→ **COLLECTED MATERIAL**:
..............................

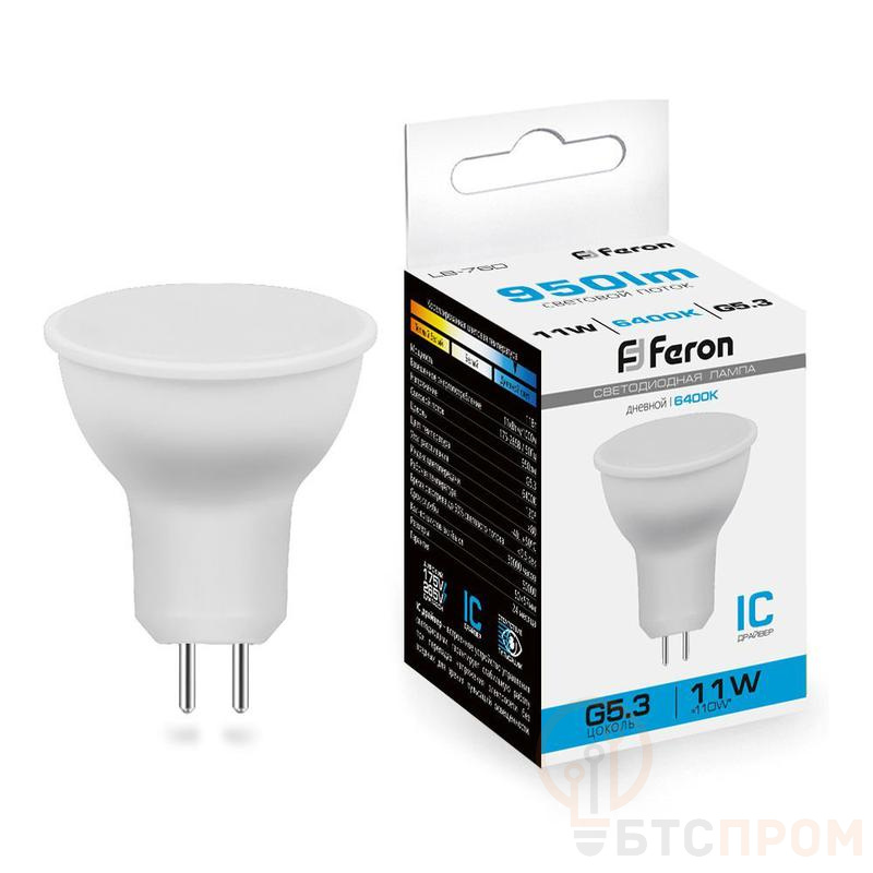 Лампа светодиодная FERON LB-760, MR16 (рефлекторная), 11W 175-265V G5.3 6400К (дневной), рассеиватель матовый белый, 950Lm, угол рассеивания 120°, 57*50мм
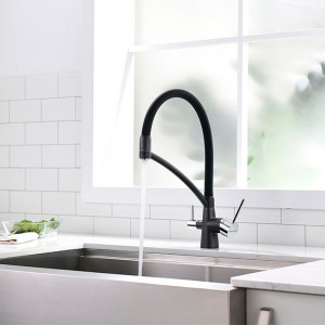 Смеситель оснащен гибким поворотным изливом, обеспечивающим максимальную мобильность и удобство при мытье посуды или наполнении крупногабаритной кухонной утвари. Конструкция предусматривает возможность подключения системы фильтрации питьевой воды — практичное решение для тех, кто ценит чистоту и безопасность воды.
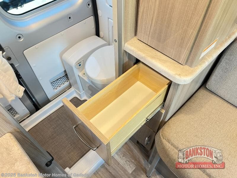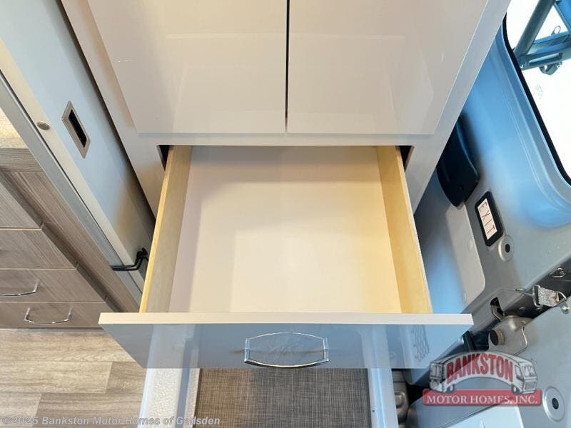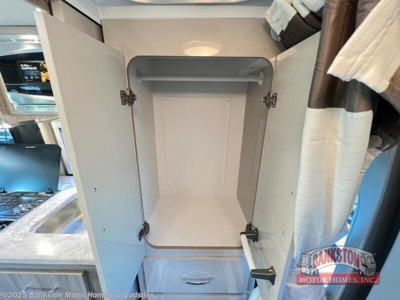 You can go wherever your heart desires with this motorhome! The rear wet bath adds comfort and convenience, plus there is storage to keep your towels close. You can prepare home cooked meals while at the campsite or cook some burgers for a tailgate with the two burner gas cooktop while enjoying a cold beverage kept in the single door stainless electric refrigerator. The swivel captain's chairs are not only comfortable for driving, but also for socializing with guests. The 72" x 47" pull out bed has a removable table and is across from the electronics cabinet which has a HDMI cable and USB charging port.
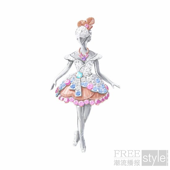 「舞蹈艺术与高级珠宝存在诸多共通之处。对卓越造诣的永恒追求、分毫不差的精准度、对每个动作的诗意表达......Van Cleef & Arpels梵克雅宝的工匠运用多种精湛技艺,巧妙定格芭蕾舞伶翩跹优雅的姿态,将她们的灵动舞姿转化为金质与珍贵宝石的艺术语言。」

..............................

Set the lines above down again, word for word, from the first through the one containing "Смеситель оснащен гибким"; pictures excluded.

→ **OUTPUT**:
 Лампа светодиодная FERON LB-760, MR16 (рефлекторная), 11W 175-265V G5.3 6400К (дневной), рассеиватель матовый белый, 950Lm, угол рассеивания 120°, 57*50мм
 Смеситель оснащен гибким поворотным изливом, обеспечивающим максимальную мобильность и удобство при мытье посуды или наполнении крупногабаритной кухонной утвари. Конструкция предусматривает возможность подключения системы фильтрации питьевой воды — практичное решение для тех, кто ценит чистоту и безопасность воды.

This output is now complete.